◆ **PROBLEM TO SOLVE**
Pictures appear among the records below and must be omitted. Repeat exactly the lines from the line with "Maglietta sportiva del" to the line with "Nos encontrávamos sempre", both included.

Stored dataset items:
+--
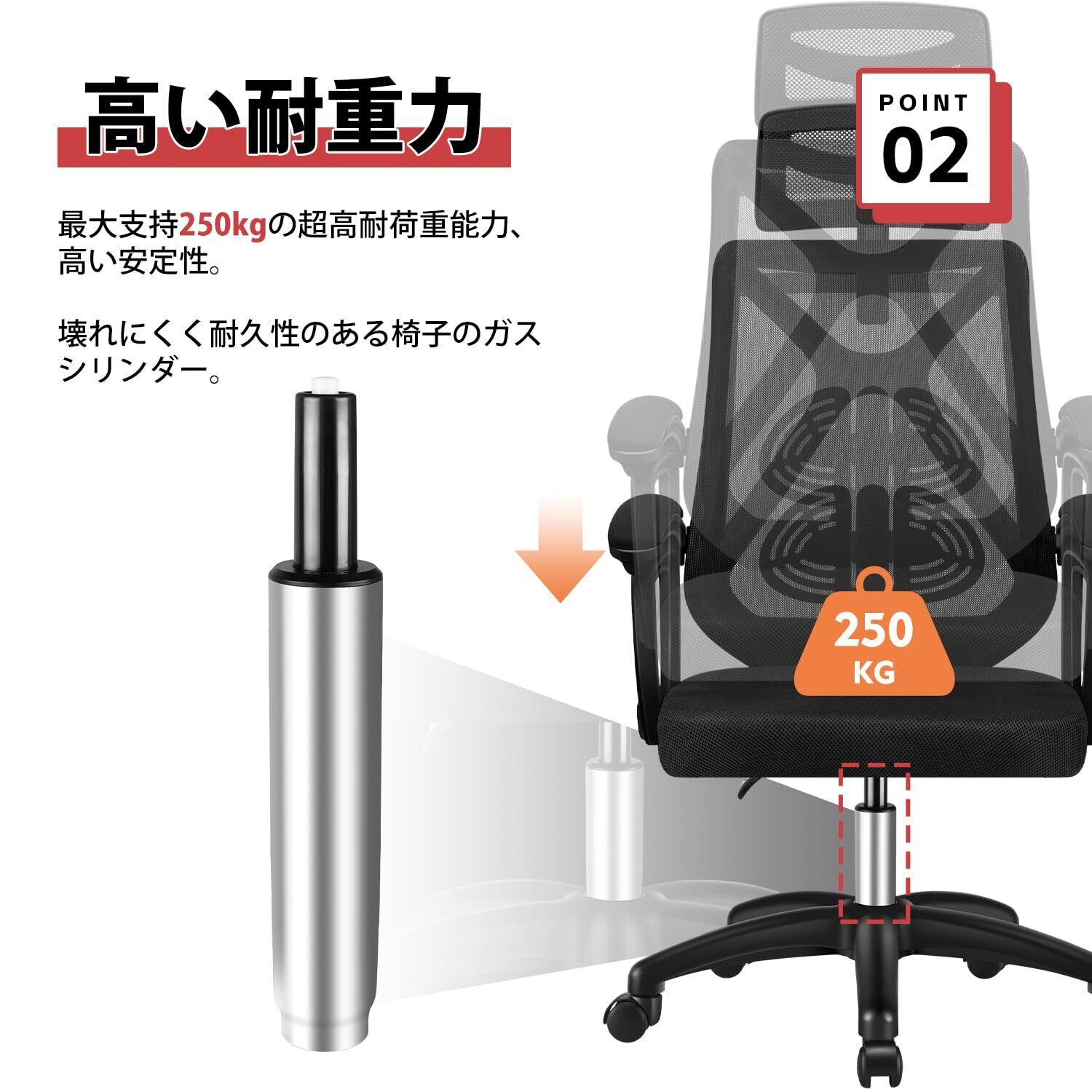✨直径120mmのガスシリンダーは、スムーズな昇降機能を備えています。お好みの高さに簡単に調整できるため、快適な座り心地をいつでも実現可能です。
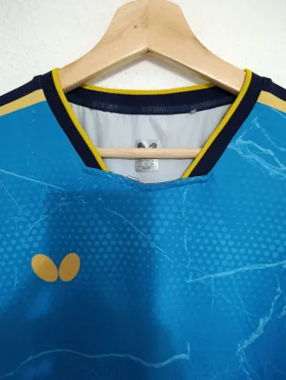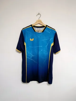 Maglietta sportiva del marchio Butterfly, ideale per il tennis da tavolo. Presenta un design moderno e vivace. - Design sfumato in toni blu. - Dettagli in giallo. - Logo Butterfly sul petto.
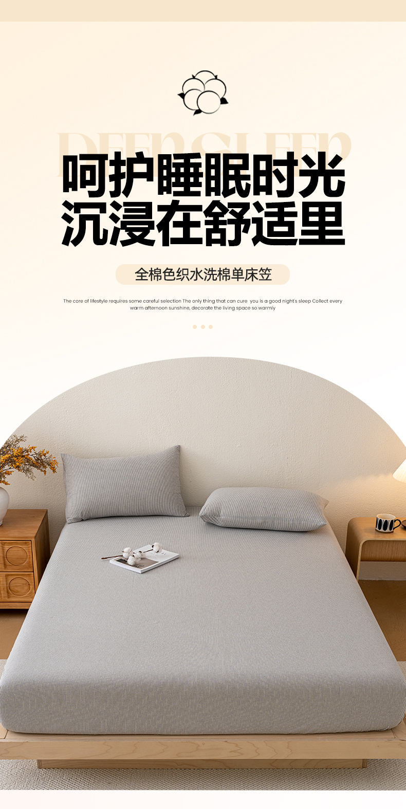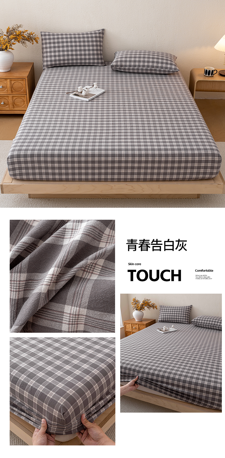 商品名称:吉象家纺 2025新款全棉色织水洗棉床笠三件套 秘境灰条
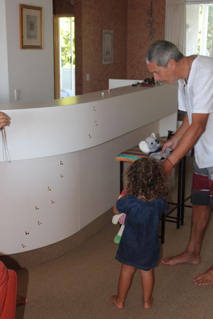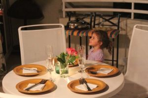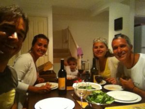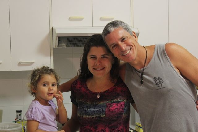 Nos encontrávamos sempre e um dia marcamos de jantar juntos na casa deles. Maria e Rodrigo estavam alugando uma casa bem confortável, em uma vila residêncial e passariam um tempo por lá. O tempo que ficamos em Byron, quase sempre íamos até a casa desses brasileiros muito gente boa! Fizemos churrasco, cozinhamos algumas vezes, jantamos uma vez a especialidade da Maria (arroz negro com lula, DELICIOSO), preparamos o famoso poisson crú (aquele prato que comíamos no Tahiti), brigadeiro para a linda Alice, ceviche e muitos outros pratos. Passamos também algumas noites na casa deles e nas manhãs que acordávamos fazíamos um belo café da manhã juntos. Maria e eu percebemos que éramos muito parecidas, compartilhávamos de gostos em comum, adorávamos sair para degustar um bom café e comer bolo, tínhamos pensamentos iguais, fazemos aniversário no mesmo mês e quase no mesmo dia. Enfim, muitas afinidades!
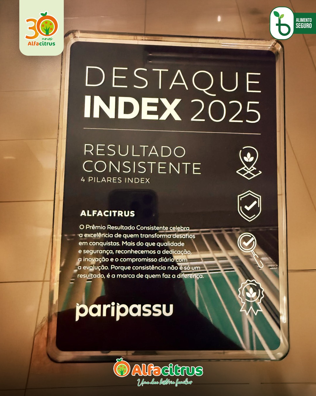 A trajetória da Alfacitrus acaba de ganhar mais um capítulo marcante. No dia 23 de abril de 2025, a empresa foi reconhecida, mais uma vez, pelo INDEX Paripassu, o mais importante indicador de qualidade e segurança dos alimentos para o setor de Frutas, Folhosas, Legumes e Verduras (FFLVO). O prêmio celebra o desempenho consistente da Alfacitrus em sua atuação junto à cadeia produtiva de alimentos.
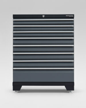 Detta skåp med 8 lådor levereras färdigmonterat och låsbara med ett centrallåssystem för extra säkerhet. Alla lådor har aluminiumlister på handtag, kullagerskenor med fullt utdragsdjup och svarta EVA antiglidmatta.
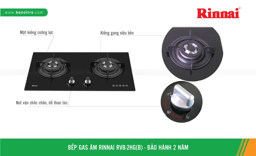 Bếp gas âm Rinnai RVB-2HG(B) sử dụng mặt kính cường lực, đánh lửa IC, đầu đốt đồng thau nguyên khối, ngắt gas tự động thuộc dòng bếp gas để bàn Công Nghệ Nhật Bản mới của thương hiệu thiết bị bếp nổi tiếng RINNAI, được sản xuất và lắp ráp tại nhà máy RINNAI Việt Nam và đạt danh hiệu hàng Việt Nam chất lượng cao.
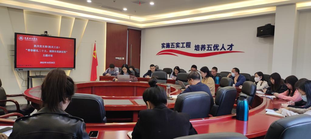 2022年10月26日下午,机关党支部召开会议,专题深入学习讨论党的二十大报告并研究部署学习宣传贯彻党的二十大精神。党委书记张毅以普通党员身份参加学习,机关党支部书记宋湘琴主持。
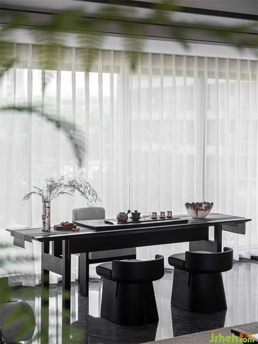設(shè)計(jì)師認(rèn)爲(wèi),家作爲(wèi)銜接情感記憶的空間,應(yīng)打破傳統(tǒng)茶室?guī)淼木嚯x感,形簡(jiǎn)、存意、富有底蘊(yùn),以純粹自然爲(wèi)本,塑造當(dāng)代人的詩(shī)意場(chǎng)景。
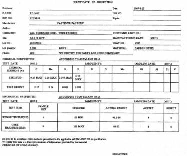 As you can see, there is no yield test performed on this import all thread rod, so it cannot be certified to ASTM A307C.
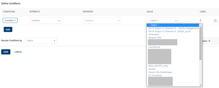 - For the user attribute as Location, select the location from the drop-down list under the Value column. For more information on how to add geolocations and beacons, refer to Engagement > Geofence.
+--
◆ **EXERCISE RESULT**
 Maglietta sportiva del marchio Butterfly, ideale per il tennis da tavolo. Presenta un design moderno e vivace. - Design sfumato in toni blu. - Dettagli in giallo. - Logo Butterfly sul petto.
 商品名称:吉象家纺 2025新款全棉色织水洗棉床笠三件套 秘境灰条
 Nos encontrávamos sempre e um dia marcamos de jantar juntos na casa deles. Maria e Rodrigo estavam alugando uma casa bem confortável, em uma vila residêncial e passariam um tempo por lá. O tempo que ficamos em Byron, quase sempre íamos até a casa desses brasileiros muito gente boa! Fizemos churrasco, cozinhamos algumas vezes, jantamos uma vez a especialidade da Maria (arroz negro com lula, DELICIOSO), preparamos o famoso poisson crú (aquele prato que comíamos no Tahiti), brigadeiro para a linda Alice, ceviche e muitos outros pratos. Passamos também algumas noites na casa deles e nas manhãs que acordávamos fazíamos um belo café da manhã juntos. Maria e eu percebemos que éramos muito parecidas, compartilhávamos de gostos em comum, adorávamos sair para degustar um bom café e comer bolo, tínhamos pensamentos iguais, fazemos aniversário no mesmo mês e quase no mesmo dia. Enfim, muitas afinidades!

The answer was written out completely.